IPv6 and “Teardrop” Attacks

Way back in 1997, CERT issued an advisory about “Teardrop” attacks (http://www.cert.org/advisories/CA-1997-28.html).  These are attacks where overlapping IP fragments are sent by a malicious actor in an attempt to either A) gain access to a protected system by evading IDS, firewall, and/or platform-based defenses, or B) disrupt the capabilities of the target environment – ideally in several parts of the network but especially the target node (the destination IP interface) itself.

In the 1997 CERT advisory, I am sure the concern was IPv4 systems.  In brief, CERT’s advice was to contact vendors for a solution, and that solution was almost always to upgrade the platform OS version – it seemed the vendors were able to patch implementations.  Presumably, this was done by discarding fragments associated with a Teardrop attack (any set of fragments where any two overlap).  Juniper, for example, added a user configurable switch on platforms to explicitly drop overlapping fragments.

Any node sending overlapping fragments make no sense at all, from a protocol standpoint.  Yet my understanding is that some old IP stacks did sometimes send overlapping fragments, not as an attack but as a result of a sloppy or buggy IP implementation.  Thus, in an effort to promote interoperability with these stacks, other vendors would accept overlapping fragments.  This philosophy goes all the way back to Jon Postel who said “be conservative in what you do, be liberal in what you accept from others”.

On the downside, this flexibility provided an exploitable vulnerability to malicious actors. Mostly, the attack was more directed at OS platform bugs than the IP stack.  Modern platforms for the most part have implementations hardened against Teardrop-style attacks on IPv4 or IPv6.
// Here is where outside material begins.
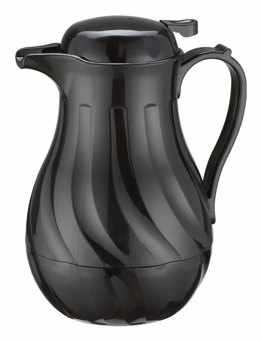 A charming addition to restaurants or catering services, the Winco VSW-42K Black Insulated Plastic Beverage Server 42 oz. is great for serving hot beverages. Featuring tags for regular coffee, decaffeinated coffee, or tea, this server allows guests to quickly identify its contents.

And while it is true that the IETF IPv6 specification (RFC 2460) does not explicitly prohibit overlapping fragments, most vendors implemented protections against those IPv6 fragments as a matter of best practice.  Later (December 2009) RFC 5722 made it out-of-spec for source nodes to send overlapping fragments, and made it required for the reassembling node (the ultimate destination) to silently discard all fragments associated with a fragmented packet when any two fragments overlap.  Fragments are silently discarded, as opposed to having the reassembling node send ICMPv6 error messages, to guard against reflection attacks (where the attacker uses a victim IPv6 address as the source of the offending packets), and because the sending node is already acting “fishy”, so best not to burden any system (including the originator) with processing ICMPv6 error messages.
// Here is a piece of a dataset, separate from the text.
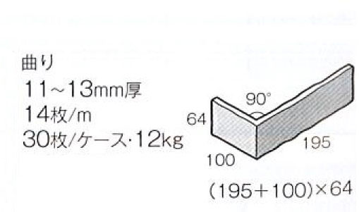 90°曲がり:(195+100)×64×10〜13mm ラフな商品の為、大きな寸法誤差があります。 |

There is also the issue of fragmentation attacks against “atomic fragments”.  These are IPv6 packets that are not actually fragmented, but carry the IPv6 Fragmentation Extension Header (with “Fragment Offset” set to zero and the “M” bit not set).  The reason for these to be allowed in the IPv6 specification is to support certain IPv6-to-IPv4 translation solutions.  To protect the capability from exploitation, there is an IETF draft (“Processing of IPv6 “Atomic” Fragments”) discussing ways to defend against fragmentation-centric attacks on this kind of packet.

With the improvements made to stack implementations over time (in the case of IPv4), and the fact that most IPv6 implementations were always “tighter”, the Teardrop attack has become a spent force on the Internet – really only affecting older platforms.  Thanks to RFC 5722, there is now official IETF guidance on how IPv6 stacks should be implemented in terms of handling overlapping fragments, and giving platform vendors the green light to discard these corrupted fragments aggressively.

It is a classic example of the “arms race” nature of IP security – whether for IPv4 or IPv6.  The bad guys discover a new vulnerability and an exploit, and the good guys close it off and harden everything else related to the vulnerability they can think of.   A good reminder that IPv6 security is only “better” than IPv4 security in a few ways, and secure environments really depend on rigorous deployment of security best practices and constant vigilance by an informed and talented security team.